== Given information ==

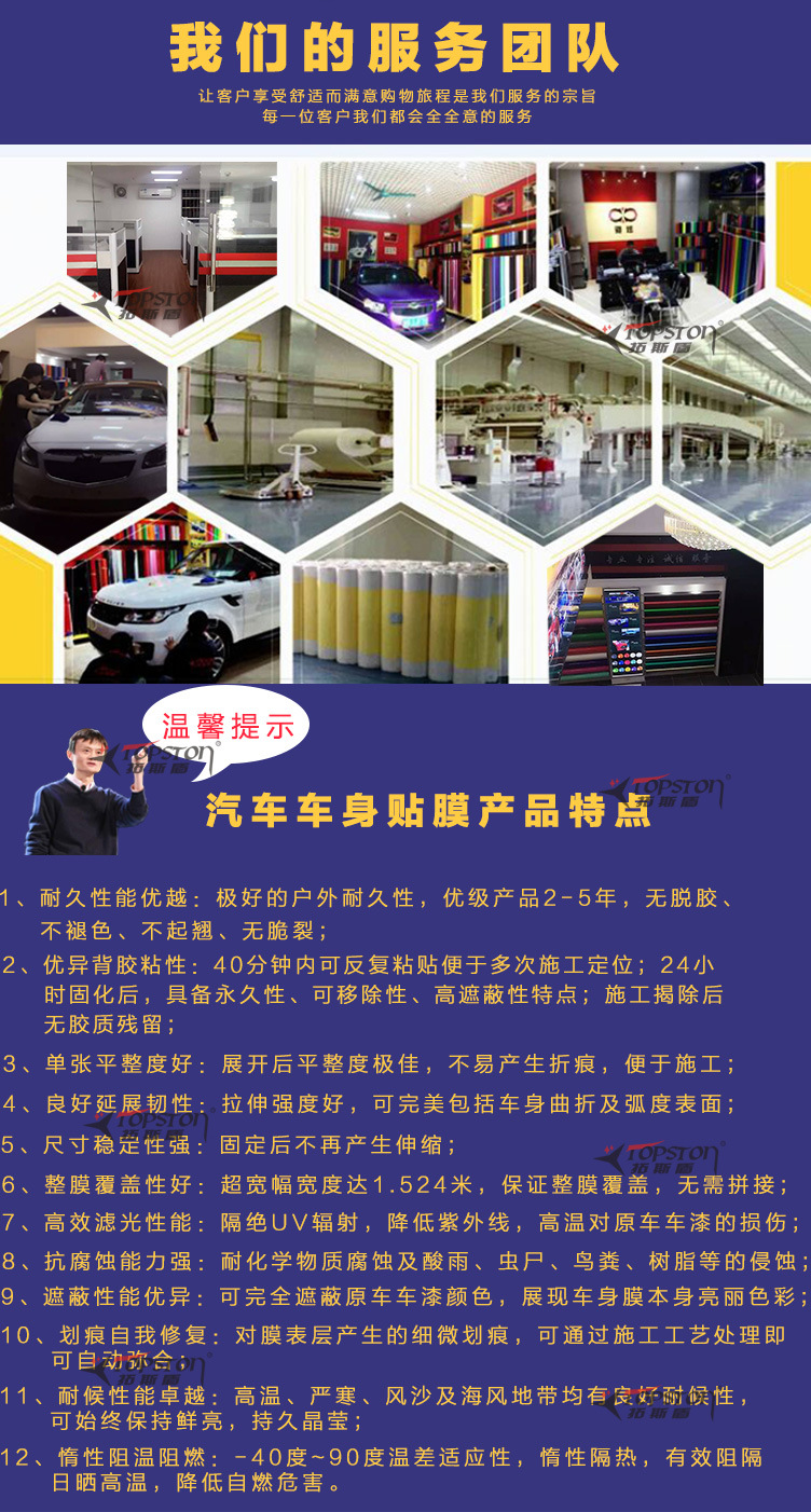 4.良好的延展性和柔韧:良好的拉伸强度,可以理想地涵盖车身的曲折曲面。
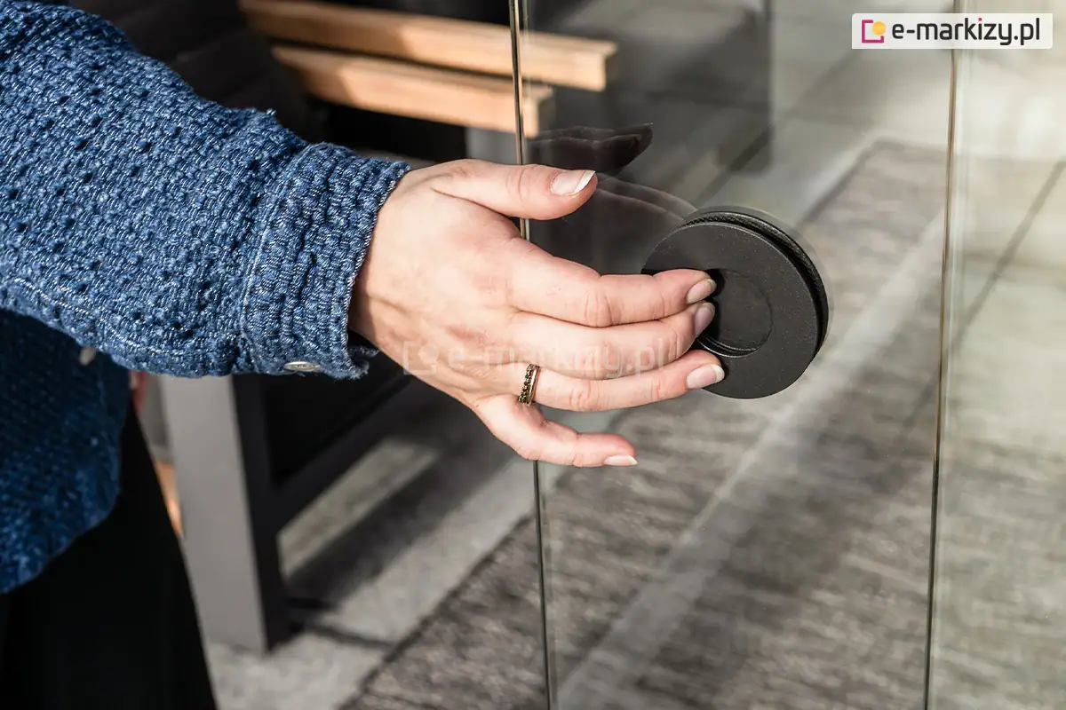 Otwieranie i zamykanie drzwi przesuwnych odbywa się za pomocą uchwytów, których rozmieszczenie zależy od wybranego sposobu otwierania. Do wyboru są uchwyty przykręcane, wymagające otworu o średnicy 50 mm nawierconego w szkle lub różne wersje uchwytów samoprzylepnych.
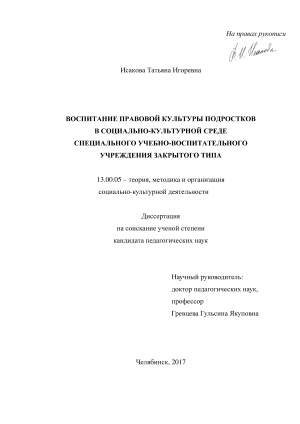Соответствие диссертации паспорту научной специальности. Представленные в исследовании теоретические положения о воспитании правовой культуры подростков в социально-культурной среде СУВУ соответствуют п. 1, 3, 4 и 5 паспорта специальности 13.00.05 – теория, методика и организация социально-культурной деятельности.
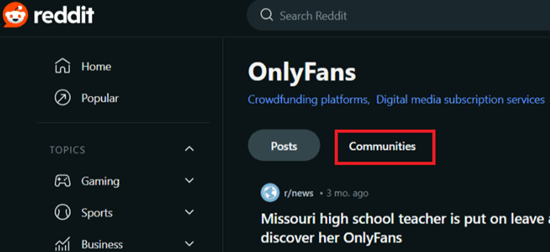 第1步)登录并访问https://www.reddit.com/t/onlyfans/,然后选择社区选项卡。
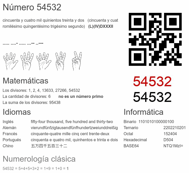Si conoce algo interesante sobre el número 54532 o cualquier número natural (entero positivo), por favor escríbanos.Número 54 532 en otras unidades
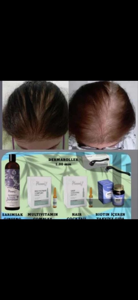 1.00 mm dermaroller, multivitamin kompleksi, sarımsak özütü, saç serumu ve biotin içeren takviyeden oluşan erkek saç bakım seti.
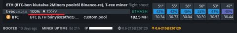 ).....ettől függetlenül (azon túlmenően, hogy jól hozott 4,5 évig) tényleg jó móka volt, de azért nem lett a hobbim és az eth merge miatt (meg el is avultak a kártyáim ennyi idő alatt és nem akartam újabb beruházást) tavaly nyáron kiszálltam, rig elad, árán kripto vétel....és nem igazán hiányzik, de annak idején tényleg érdekes volt.... -

== Work instruction ==
Your reply should contain only an exact copy of the lines from the beginning of the material through the line with "1.00 mm dermaroller, multivitamin", both ends included, with the pictures removed.

== Your solution ==
 4.良好的延展性和柔韧:良好的拉伸强度,可以理想地涵盖车身的曲折曲面。
 Otwieranie i zamykanie drzwi przesuwnych odbywa się za pomocą uchwytów, których rozmieszczenie zależy od wybranego sposobu otwierania. Do wyboru są uchwyty przykręcane, wymagające otworu o średnicy 50 mm nawierconego w szkle lub różne wersje uchwytów samoprzylepnych.
Соответствие диссертации паспорту научной специальности. Представленные в исследовании теоретические положения о воспитании правовой культуры подростков в социально-культурной среде СУВУ соответствуют п. 1, 3, 4 и 5 паспорта специальности 13.00.05 – теория, методика и организация социально-культурной деятельности.
 第1步)登录并访问https://www.reddit.com/t/onlyfans/,然后选择社区选项卡。
Si conoce algo interesante sobre el número 54532 o cualquier número natural (entero positivo), por favor escríbanos.Número 54 532 en otras unidades
 1.00 mm dermaroller, multivitamin kompleksi, sarımsak özütü, saç serumu ve biotin içeren takviyeden oluşan erkek saç bakım seti.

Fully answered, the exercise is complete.